Your response should contain exactly the lines running from the one with "Deck the halls" to the end of the data below, both included, and no pictures.
----- The input -----
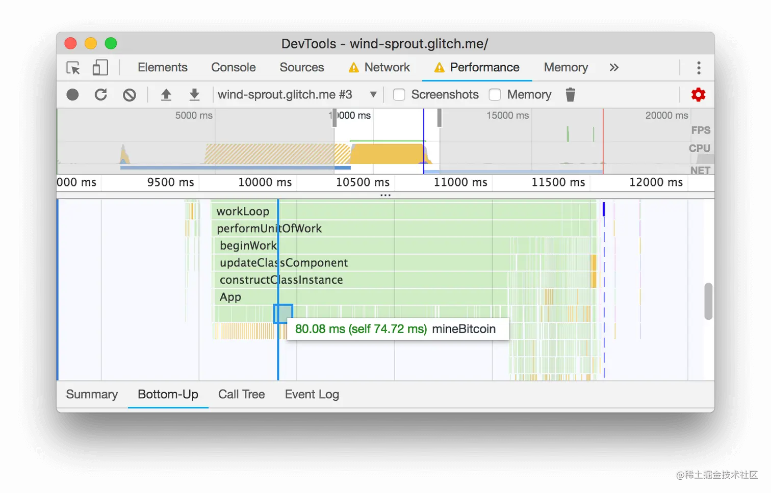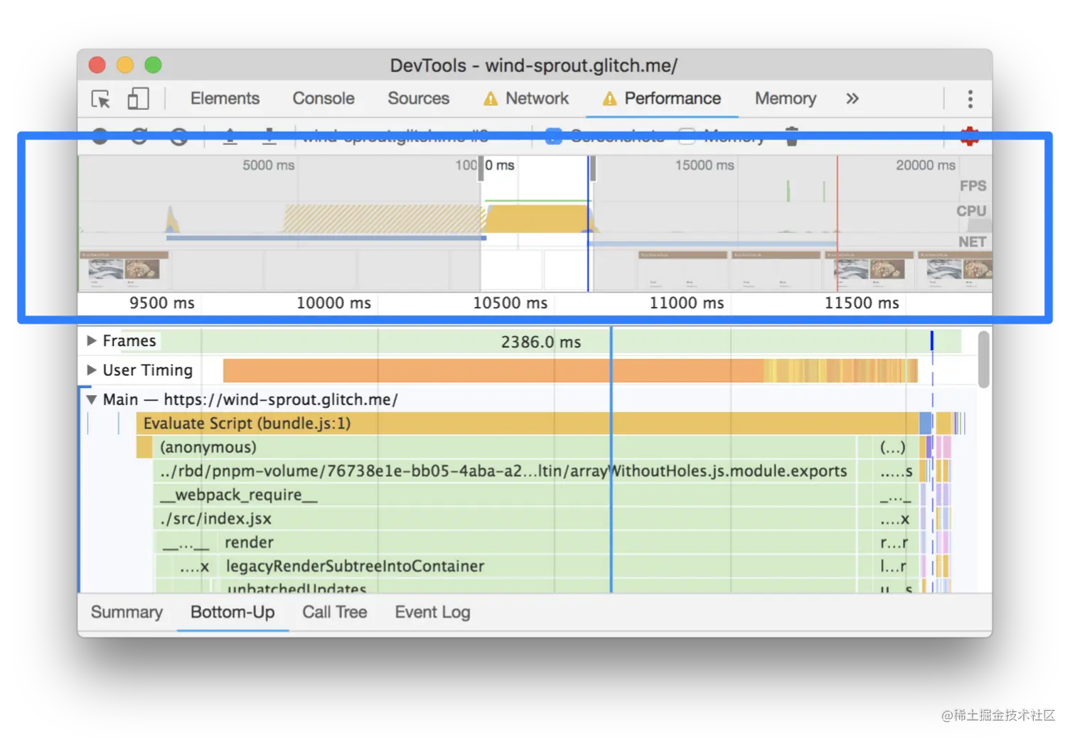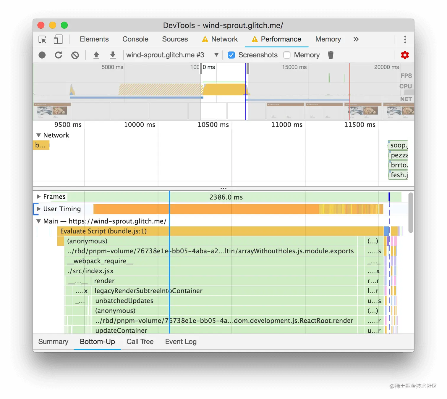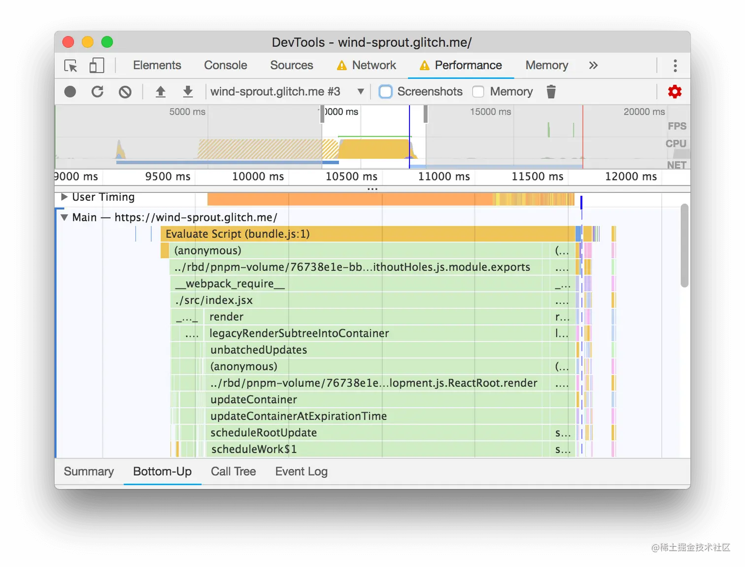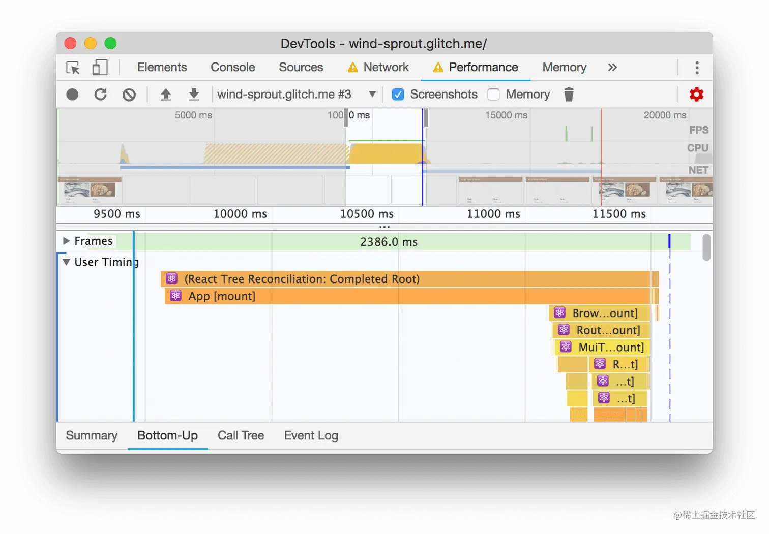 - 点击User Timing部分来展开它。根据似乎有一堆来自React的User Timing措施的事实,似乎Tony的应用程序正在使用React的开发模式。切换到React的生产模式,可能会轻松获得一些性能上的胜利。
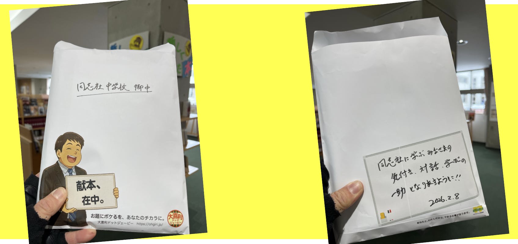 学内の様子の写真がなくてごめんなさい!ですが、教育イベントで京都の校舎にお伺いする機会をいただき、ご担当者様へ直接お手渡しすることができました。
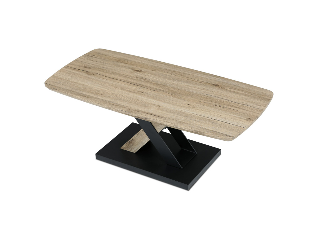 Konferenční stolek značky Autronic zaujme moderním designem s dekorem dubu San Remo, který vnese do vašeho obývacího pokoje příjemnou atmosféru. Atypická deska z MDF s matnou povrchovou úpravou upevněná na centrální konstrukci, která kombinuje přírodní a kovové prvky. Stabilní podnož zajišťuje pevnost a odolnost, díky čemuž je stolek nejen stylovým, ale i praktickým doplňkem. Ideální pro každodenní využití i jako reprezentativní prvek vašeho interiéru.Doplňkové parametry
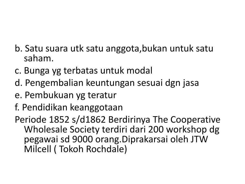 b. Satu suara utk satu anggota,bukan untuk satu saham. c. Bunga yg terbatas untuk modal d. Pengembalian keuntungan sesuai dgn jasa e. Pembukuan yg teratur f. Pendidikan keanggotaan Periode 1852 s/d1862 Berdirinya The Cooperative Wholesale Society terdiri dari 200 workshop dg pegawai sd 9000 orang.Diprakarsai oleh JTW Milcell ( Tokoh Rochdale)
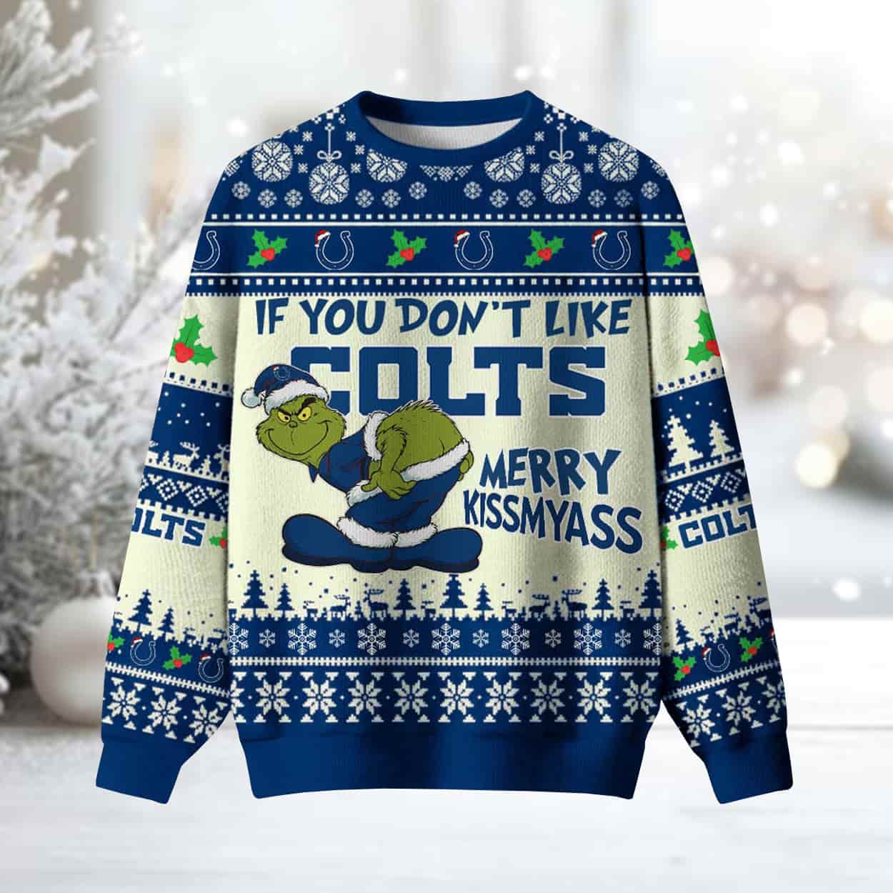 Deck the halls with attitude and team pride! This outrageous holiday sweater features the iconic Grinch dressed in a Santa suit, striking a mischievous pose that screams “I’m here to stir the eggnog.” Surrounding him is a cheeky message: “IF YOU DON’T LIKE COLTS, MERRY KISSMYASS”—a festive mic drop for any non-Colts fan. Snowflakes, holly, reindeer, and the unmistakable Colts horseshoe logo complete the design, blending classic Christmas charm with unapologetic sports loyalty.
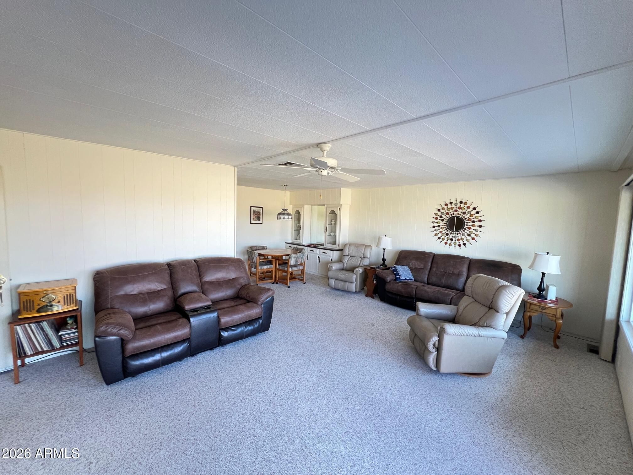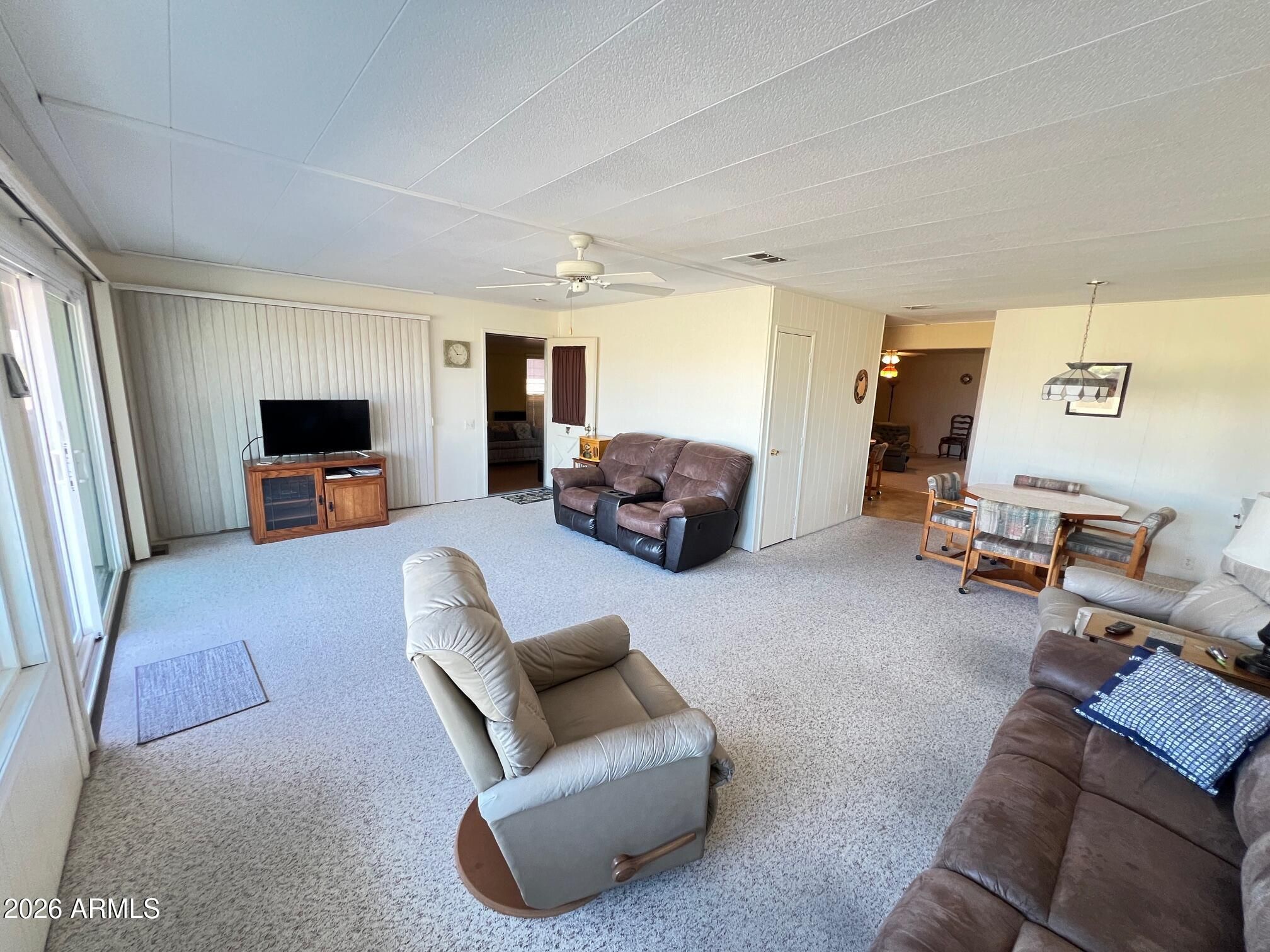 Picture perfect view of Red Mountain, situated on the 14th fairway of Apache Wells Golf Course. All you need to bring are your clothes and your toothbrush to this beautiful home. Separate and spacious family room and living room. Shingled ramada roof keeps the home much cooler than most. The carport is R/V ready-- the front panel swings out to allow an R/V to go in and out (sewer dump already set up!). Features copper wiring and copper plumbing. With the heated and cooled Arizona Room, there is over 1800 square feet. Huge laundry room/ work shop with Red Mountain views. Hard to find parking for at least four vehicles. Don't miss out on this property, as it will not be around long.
-----
» **Response to this task**
 Deck the halls with attitude and team pride! This outrageous holiday sweater features the iconic Grinch dressed in a Santa suit, striking a mischievous pose that screams “I’m here to stir the eggnog.” Surrounding him is a cheeky message: “IF YOU DON’T LIKE COLTS, MERRY KISSMYASS”—a festive mic drop for any non-Colts fan. Snowflakes, holly, reindeer, and the unmistakable Colts horseshoe logo complete the design, blending classic Christmas charm with unapologetic sports loyalty.
 Picture perfect view of Red Mountain, situated on the 14th fairway of Apache Wells Golf Course. All you need to bring are your clothes and your toothbrush to this beautiful home. Separate and spacious family room and living room. Shingled ramada roof keeps the home much cooler than most. The carport is R/V ready-- the front panel swings out to allow an R/V to go in and out (sewer dump already set up!). Features copper wiring and copper plumbing. With the heated and cooled Arizona Room, there is over 1800 square feet. Huge laundry room/ work shop with Red Mountain views. Hard to find parking for at least four vehicles. Don't miss out on this property, as it will not be around long.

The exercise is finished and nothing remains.